For about every parent I know, I see a different way of parenting. A reminder that there is no manual and to distill it down to nothing but “love” is tricky. There is tough love of course, which as a whole, we aren’t as fond of these days. It seems that when we give “tough love” is when we can’t afford to do something, so we call it “tough love”. I wonder if that was always the case.
I am a parent to children from ages 15- 21 right now. The further I go down this road the less I feel I know, yet at the same time, I find pockets of peace. I get the sense that everything is going to work out ok. It scares me to write that and say I believe that, when so far no big tragedy has happened. So within the non tragedy realm this post would be. For those of you that I know and ones I don’t that have faced a big tragedy, my heart aches for you always, and your courage and peace are pulsing through my veins always.
I think for me, when I realized that I didn’t own my children, it gave me a freedom to love them deeper for who they were. Yes, I feel a large part of my role is to shape them, but also to introduce them to a world of possibilities and a way of thinking that is open to hope and being positive. While it is keeping them between the ditches of life, it hopefully isn’t done with fear. They will find and need their own ditches for sure, but I want them to know that isn’t where they have to stay.
I also have to be big enough to let the child be the teacher at times. That isn’t always easy for me. Any of us that have teenagers already know when we have difficulty hooking up some electronic, you go straight to them. But they can be teachers of who we really are as parents. We can see our behaviors , justifications and ill reasoning in them. We can sense when, who we say or think we are, tears away from who we really are as we look into their eyes. For me, those have been times of growth for both child and parent.
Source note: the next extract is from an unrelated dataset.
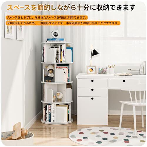 【大容量】この回転式本棚の各棚は4つのコンパートメントに分かれており、少なくとも80〜100冊の通常サイズの本を収納するのに十分なスペースを確保できます。さらに、最上段には、お子様のおもちゃ、アルバム、また他の日常必需品を置くための追加スペースがあります。

This is a short post because I really don’t have any deep words of wisdom to pass on. It is a role in my life that I live with and breathe in deeply everyday. My mistakes hang over me like a heavy cloud sometimes, wishing I could change what happened to their little hearts. The closeness I feel, I cherish like something I may never get again. I try to carve deep into their spirits their connection with the Creator. One free of guilt and shame. One of love, one of fulfillment. And yes, of course love. Lots of love. I hope they feel it and would agree.